→ What you are asked to do:
Return only the stretch of the material below that begins with the line containing "5일 애터미에 따르면" and ends with the line containing "Short, coral-coloured tank", exactly; both of those lines belong to it.

→ Supplied entries:

• • • •

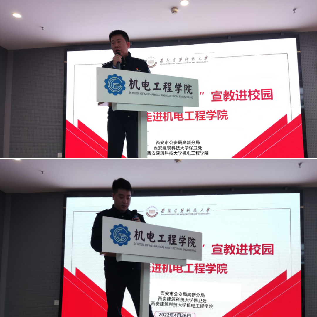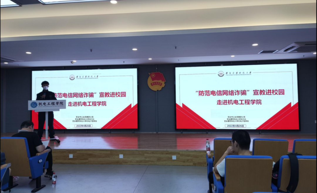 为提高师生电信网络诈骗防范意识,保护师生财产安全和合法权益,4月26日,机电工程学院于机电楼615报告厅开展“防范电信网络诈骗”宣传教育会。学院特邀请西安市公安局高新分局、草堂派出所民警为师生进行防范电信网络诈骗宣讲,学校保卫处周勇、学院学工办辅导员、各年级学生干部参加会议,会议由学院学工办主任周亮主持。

• • • •

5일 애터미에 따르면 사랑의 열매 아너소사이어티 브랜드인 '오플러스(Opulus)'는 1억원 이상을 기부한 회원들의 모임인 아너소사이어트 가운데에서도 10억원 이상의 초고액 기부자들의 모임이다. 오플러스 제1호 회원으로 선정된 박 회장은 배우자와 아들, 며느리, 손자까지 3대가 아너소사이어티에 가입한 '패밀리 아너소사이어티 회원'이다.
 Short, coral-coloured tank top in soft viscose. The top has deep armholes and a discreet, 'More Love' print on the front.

• • • •

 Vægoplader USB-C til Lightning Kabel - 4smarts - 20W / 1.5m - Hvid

• • • •

→ Exercise solution:
5일 애터미에 따르면 사랑의 열매 아너소사이어티 브랜드인 '오플러스(Opulus)'는 1억원 이상을 기부한 회원들의 모임인 아너소사이어트 가운데에서도 10억원 이상의 초고액 기부자들의 모임이다. 오플러스 제1호 회원으로 선정된 박 회장은 배우자와 아들, 며느리, 손자까지 3대가 아너소사이어티에 가입한 '패밀리 아너소사이어티 회원'이다.
 Short, coral-coloured tank top in soft viscose. The top has deep armholes and a discreet, 'More Love' print on the front.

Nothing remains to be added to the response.